I don't have a great alternative name offhand, it seems kinda clunky to name it something like Retrieval w/Crucial Instructions or Retrieval that needs Instructions

Muennighoff commented 3 months ago

Great explanation!

FollowIR, InstructIR, Rar-b and others have instructions that are crucial for the model. If you take the instructions away the task pretty much falls aparts: for FollowIR/InstructIR the instructions literally define document relevance. For Rar-b/Birco -- given the datasets involved -- the query-document relationship is very different from what standard models are trained on, so without the instructions it's nearly impossible to expect the models to handle that mapping without instructions.

Agree - hence maybe a bit confusing that Rar-b ends up under the regular Retrieval tab while FollowIR ends up under the Retrieval w/ Instructions tab 🤔 But we can just leave this open for now & see if someone has a better idea. Maybe once we revamp the leaderboard for the filtering changes & co, this will get solved with that together.

orionw commented 3 months ago

Agree - hence maybe a bit confusing that Rar-b ends up under the regular Retrieval tab while FollowIR ends up under the Retrieval w/ Instructions tab 🤔

Yeah this stemmed from the fact that FollowIR and InstructIR have query-specific instructions (e.g. not just one instruction for the full dataset but each instruction is only usable with the given query) and so the setup for the class needed to have the additional data for the instance-level query-specific instructions. Hence the new AbstractTask.
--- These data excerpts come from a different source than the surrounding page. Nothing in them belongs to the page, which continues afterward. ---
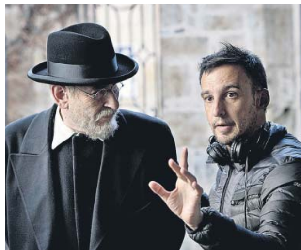
Karra Elejalde y Alejandro Amenábar, en el rodaje de Mientras dure la guerra.
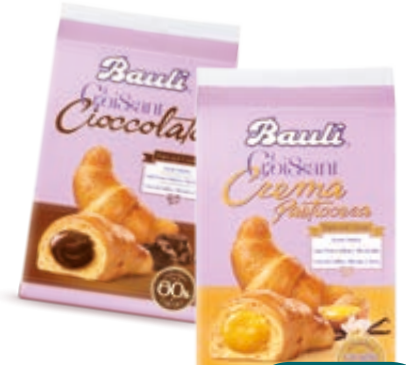
GROSSANT FARCITI BAULI GUSTI ASSORTITI X6 300G
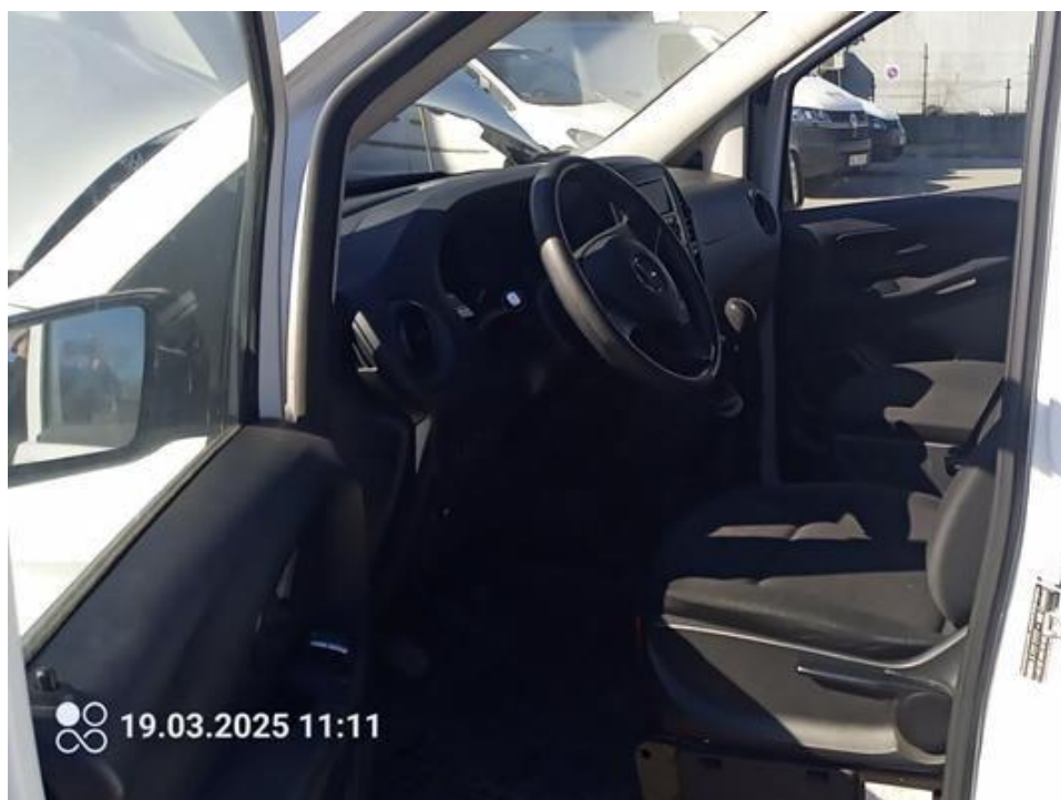
Fot. nr 24
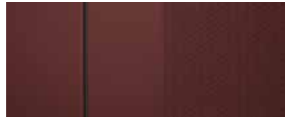
Leder in Rot 1,2

Rar-b uses dataset-level annotations and thus fits in the existing RetrievalAbstract task.

Maybe once we revamp the leaderboard for the filtering changes & co, this will get solved with that together.

I think this is the main issue and is mostly a leaderboard thing. We can't group tasks together across abstract classes currently. Once we fix the leaderboard we should combine them.

KennethEnevoldsen commented 3 months ago

I think this is the main issue and is mostly a leaderboard thing. We can't group tasks together across abstract classes currently. Once we fix the leaderboard we should combine them.

Yea hopefully the new leaderboard format will make it more clear

gowitheflow-1998 commented 3 months ago

FollowIR, InstructIR, Rar-b and others have instructions that are crucial for the model. If you take the instructions away the task pretty much falls aparts: for FollowIR/InstructIR the instructions literally define document relevance. For Rar-b/Birco -- given the datasets involved -- the query-document relationship is very different from what standard models are trained on, so without the instructions it's nearly impossible to expect the models to handle that mapping without instructions.

very much agree about classifying whether should be a retrieval w/ instruction task by looking at how crucial the instructions are to the task - I made similar argument throughout the RAR-b paper @orionw very great explanation! And the similar idea has been helping us conceptualizing about latest multimodal retrieval tasks, in terms of task diffuculties and reliance on instructions for an image-text retrieval task to actually make sense. This is relevant to the vision project as well. @Muennighoff @KennethEnevoldsen

It makes sense to group by AbsTask so now (I'm happy with RAR-b falling under either) until someone has better ideas!